M83
Saturdays = Youth
(Mute)
In alternative music circles, an M83 release is a big event. The French duo's 2001 debut snuck up on most listeners and can still be hard to find. Their second, Dead Cities, Red Seas & Lost Ghosts, took their cinematic sounds to a much wider audience, as did their subsequent release Before the Dawn Heals Us. If the previous albums were the musings of a synth nut exploring dark menacing subjects and moody keyboards, their latest, Saturdays = Youth, is a sharp U-turn into teen love, angst, joy, despair and general hormonal confusion.

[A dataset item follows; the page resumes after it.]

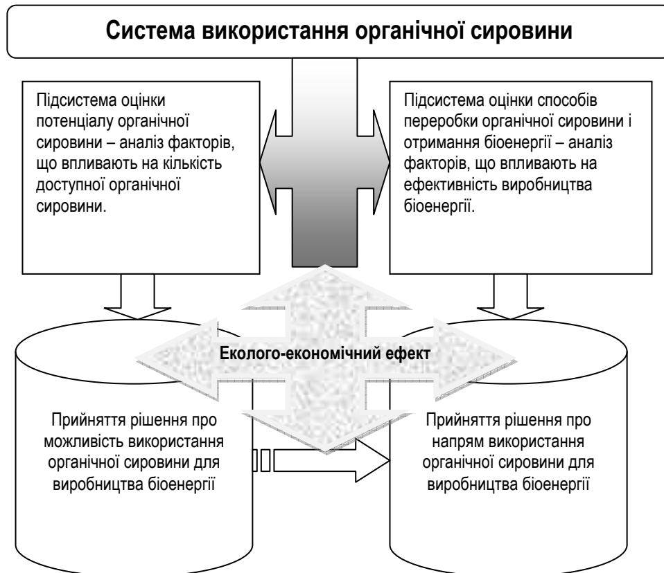
Рис. 2. Система регулювання використання біомаси сільськогосподарських культур у виробництві біоенергії*

Якщо потенціал побічної продукції не задовольняє потреби господарства, то приймається рішення про відхилення від реалізації проекту щодо виробництва біоенергії. Розглядається рішення про можливість покращення сировинного, технічного потенціалу для здійснення процесу виробництва біоенергії в майбутньому.
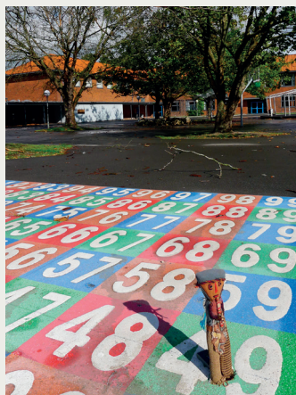
Freden har sænket sig over skolegården på Vikærvej.

Vi mødte en skole med øje for de mange intelligenser, men også skarp på at hjælpe med en klar struktur. Der blev fundet bøger til hver enkelt passende til niveau og læse-taktik, der var makkerlæsning og ma-

Some critics have likened it to the feeling you get from watching a John Hughes film, but that would be doing sole remaining member Anthony Gonzalez a disservice, though he is an avowed Molly Ringwald fan. Instead, the 26-year-old has created a more muscular, wider 80s-themed musical canvas this time around, as songs like Kim & Jessie blend dreamy Euro-pop choruses over reverb-heavy guitar that sounds like a long-lost cousin to 80s act the Dream Academy or a more devilish Thompson Twins.
The album's heart and soul belongs to female guest vocalist Morgan Kibby, whose wispy, heavenly sweet nothings provide a fine counterpart to Gonzalez on Skin of the Night, what the Cocteau Twins could have sounded like.